## Exercise goal
Write the listing out once more, identical to the original but without pictures.

## Collected material
'''

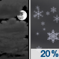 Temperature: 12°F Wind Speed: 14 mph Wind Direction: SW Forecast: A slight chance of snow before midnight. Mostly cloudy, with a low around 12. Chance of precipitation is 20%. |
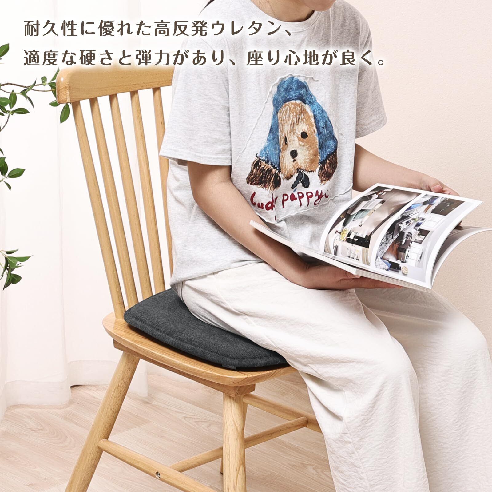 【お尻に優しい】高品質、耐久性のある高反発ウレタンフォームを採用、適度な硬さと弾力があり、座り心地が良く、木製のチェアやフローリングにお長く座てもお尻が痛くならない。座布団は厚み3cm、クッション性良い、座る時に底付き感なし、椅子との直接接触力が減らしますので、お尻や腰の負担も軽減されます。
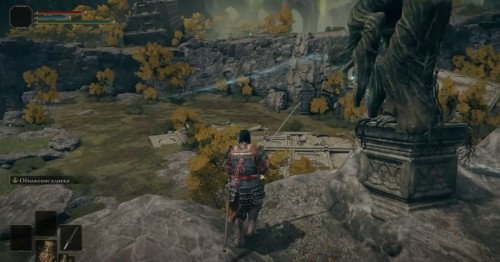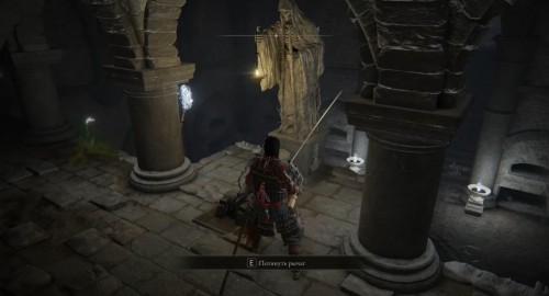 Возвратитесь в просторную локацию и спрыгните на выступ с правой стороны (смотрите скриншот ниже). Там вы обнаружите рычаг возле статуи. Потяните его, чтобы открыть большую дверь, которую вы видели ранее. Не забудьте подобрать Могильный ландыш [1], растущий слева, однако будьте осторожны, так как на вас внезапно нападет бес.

'''

## Response to this task
 Temperature: 12°F Wind Speed: 14 mph Wind Direction: SW Forecast: A slight chance of snow before midnight. Mostly cloudy, with a low around 12. Chance of precipitation is 20%. |
 【お尻に優しい】高品質、耐久性のある高反発ウレタンフォームを採用、適度な硬さと弾力があり、座り心地が良く、木製のチェアやフローリングにお長く座てもお尻が痛くならない。座布団は厚み3cm、クッション性良い、座る時に底付き感なし、椅子との直接接触力が減らしますので、お尻や腰の負担も軽減されます。
 Возвратитесь в просторную локацию и спрыгните на выступ с правой стороны (смотрите скриншот ниже). Там вы обнаружите рычаг возле статуи. Потяните его, чтобы открыть большую дверь, которую вы видели ранее. Не забудьте подобрать Могильный ландыш [1], растущий слева, однако будьте осторожны, так как на вас внезапно нападет бес.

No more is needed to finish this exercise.